This is not a nation with a sense of humor about itself or its founders. It remains a crime here to insult “Turkishness,” and a visitor dare not ask questions about Ataturk’s last years, by some accounts a nocturnal blur of booze and women that the historian Perry Anderson says left him “a ravaged lounge lizard.” (In 2007, Turkey banned YouTube entirely after the emergence of homemade videos mocking Ataturk.) This despite the fact that modern Turkey has never been so self-confident: A period of economic growth dating to the 1980s has propelled a once-primitive economy to become the world’s eighteenth-largest. Numbering 514,000, Turkey’s military is among the world’s biggest. And, as regional powers fill a vacuum left by a weakened United States, Turkish foreign policy is growing more assertive. “We are flexing our muscles,” Selim Yenel, deputy under secretary of the Turkish foreign ministry, told me in Ankara last month. (I joined a trip organized by the Economic Policy Research Foundation of Turkey.)
The latest example of Turkey’s cocky new strut is Ankara’s refusal to join Barack Obama’s call for international sanctions against Iran’s nuclear program. Peacefully stopping an Iranian bomb without Turkey’s help won’t be easy: Turkey holds a seat on the U.N. Security Council until December and may conduct as much as $20 billion in trade per year with its Persian neighbor. Yet Turkey argues that sanctions will have little impact on Iran while causing collateral damage to its own economy. After spending a few days in the country, one also gets the feeling that the Turks don’t mind forcing the United States to kowtow to them, rather than the other way around. In the past, Yenel explained to me, “We have waited for the big powers to make up their minds on big issues and we just follow them. For the past several years, we have made up our own minds.”
This attitude was a headache for Barack Obama to begin with. And then, last month, the small matter of genocide came along.
On March 4, the House Foreign Affairs Committee passed, by a one-vote margin, a resolution declaring that the massacre of up to 1.5 million Armenians by Ottoman Turks in the dying days of their empire was a genocide. In response, Ankara promptly recalled its ambassador from Washington and threatened to skip a planned visit this month by Prime Minister Recep Tayyip Erdogan.
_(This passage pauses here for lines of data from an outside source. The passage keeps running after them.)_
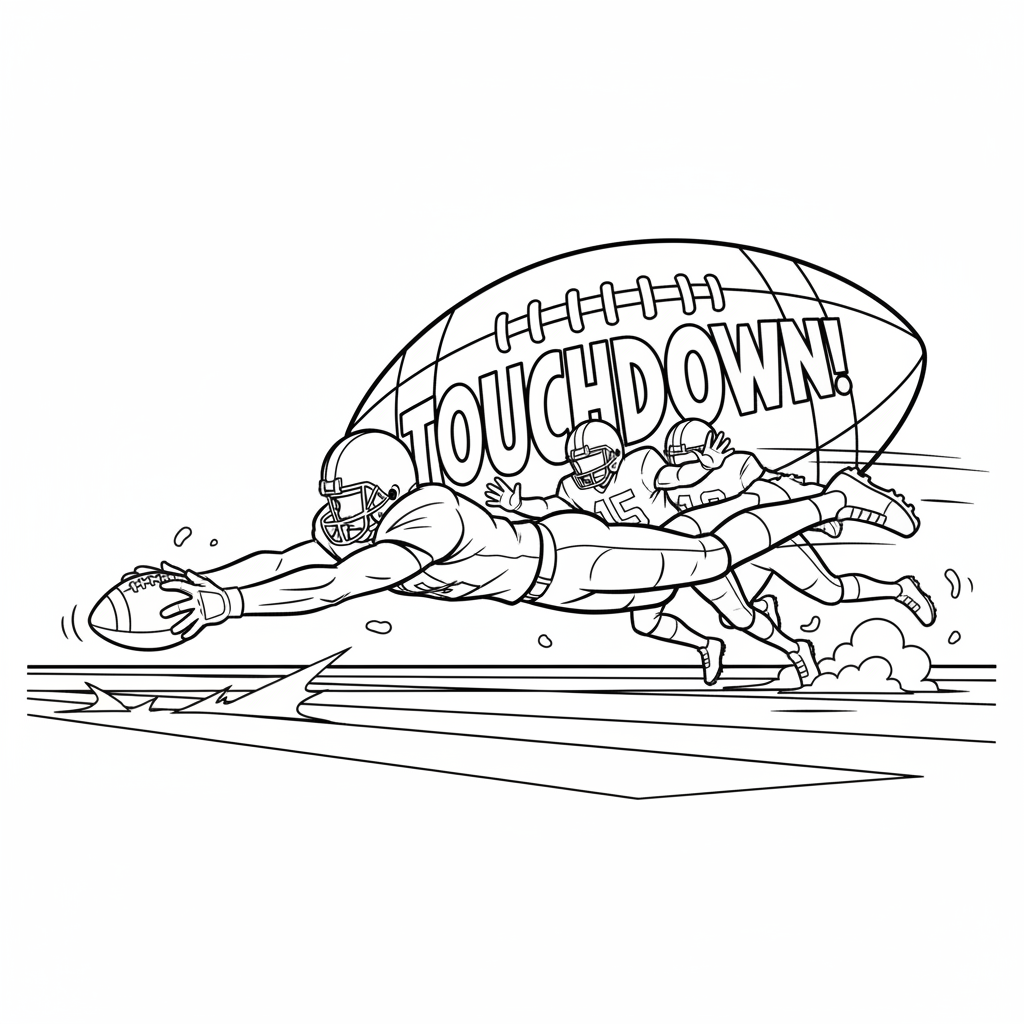 A delightful football coloring page featuring player diving across goal line for dramatic touchdown score. Perfect for kids and adults who love coloring!
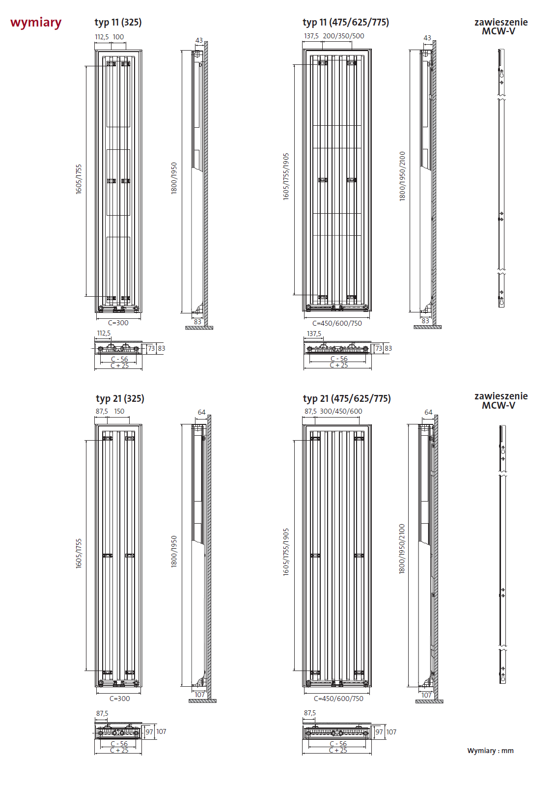 - wyposażenie podstawowe: zawieszenia MCW-V, korki, odpowietrznik w komplecie z grzejnikiem
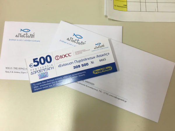 Ο IOCC, ο οποίος στηρίζει επί 7 χρόνια τα προγράμματα της «ΑΠΟΣΤΟΛΗΣ», ηγείται και αυτής της προσπάθειας για την ενίσχυση πυρόπληκτων οικογενειών μαζί με τον οργανισμό Leadership 100, την Παγκρητική Ένωση Αμερικής και τους Έλληνες που ζουν στην Αμερική και συνεισφέρουν και σ΄ αυτή τη μεγάλη καταστροφή που έπληξε την Ελλάδα.
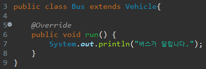 Vehicle 클래스를 상속하는 Bus와 Taxi 클래스를 각각 생성하여 run() 메소드를 오버라이딩 해주었다.
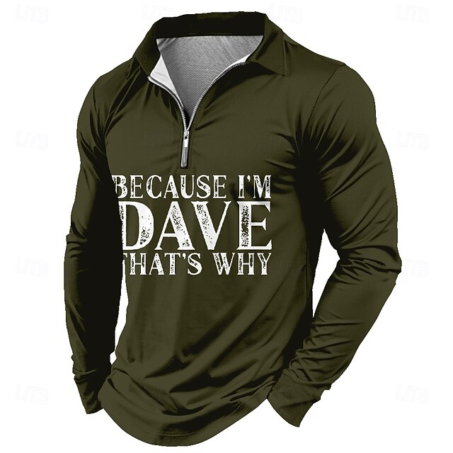 Pullover da uomo a maniche lunghe 'Perché sono Dave ecco perché' Maglietta grafica con zip a un quarto

The genocide debate has become something of a perennial in Washington, with a similar resolution introduced in every new Congress, but the Turks simply can’t get used to the idea that the United States might liken their ancestors to Nazis. (In part, this is because they fear not just the moral implications but potential legal claims from victims’ families; even the Turkish president’s official residence stands on a plot seized from a deported Armenian family.)
And, this time around, it did not escape notice in Ankara that Secretary of State Hillary Clinton didn’t call the committee chairman, Howard Berman, to protest the vote until the night before the panel took up the resolution, even though it had been scheduled weeks in advance. “We told the administration that this was coming and to get involved as early as possible,” Yenel grouses. “But they did not heed our request.” When Clinton did call, “it was way too little, too late.”
Barack Obama is personally far more popular in Turkey than George W. Bush was. But Turkey’s political leaders may be warier of Obama than they were of his predecessor. The reason: Obama’s stated belief that the Armenian killings were, in fact, genocide. As a candidate in 2008, Obama—influenced by his foreign policy adviser Samantha Power, who takes a passionate interest in the question—vowed that he would be the first American president to officially say as much. But, once Obama was elected, that idealism was quickly snuffed by realpolitik. At the urging of other foreign policy advisers (and reportedly to Power’s dismay), Obama concluded that taking a moral stand wasn’t worth the trouble Turkey could make for U.S. strategic interests. Instead of pressing the genocide question, Obama has helped to broker a set of protocols between Turkey and Armenia, calling reconciliation more important than adjudicating the past.
It’s not hard to understand why Obama wants to tread carefully with the Turks. The United States relies on a major airbase in the country and transports supplies to and from Iraq across Turkey’s southern border. Nearly as important is the vital diplomatic help the Turks provide the United States in their neighborhood. Turkey has herded Iraq’s scattered political actors toward peaceful cooperation. Ankara was the middleman for months of peace talks between Israel and Syria, which were abruptly derailed by the 2008 Gaza offensive, but which could resume again soon. The Turks have also pledged $200 million to rebuild Afghanistan, and they have been hosting trust-building talks between Afghan leaders and their frenemies in Pakistan’s government. Such a flurry of activity explains why Philip Gordon, the assistant secretary of state for European and Eurasian affairs, recently joked that, whenever he travels on official business, he is told that the Turkish foreign minister “was just here.”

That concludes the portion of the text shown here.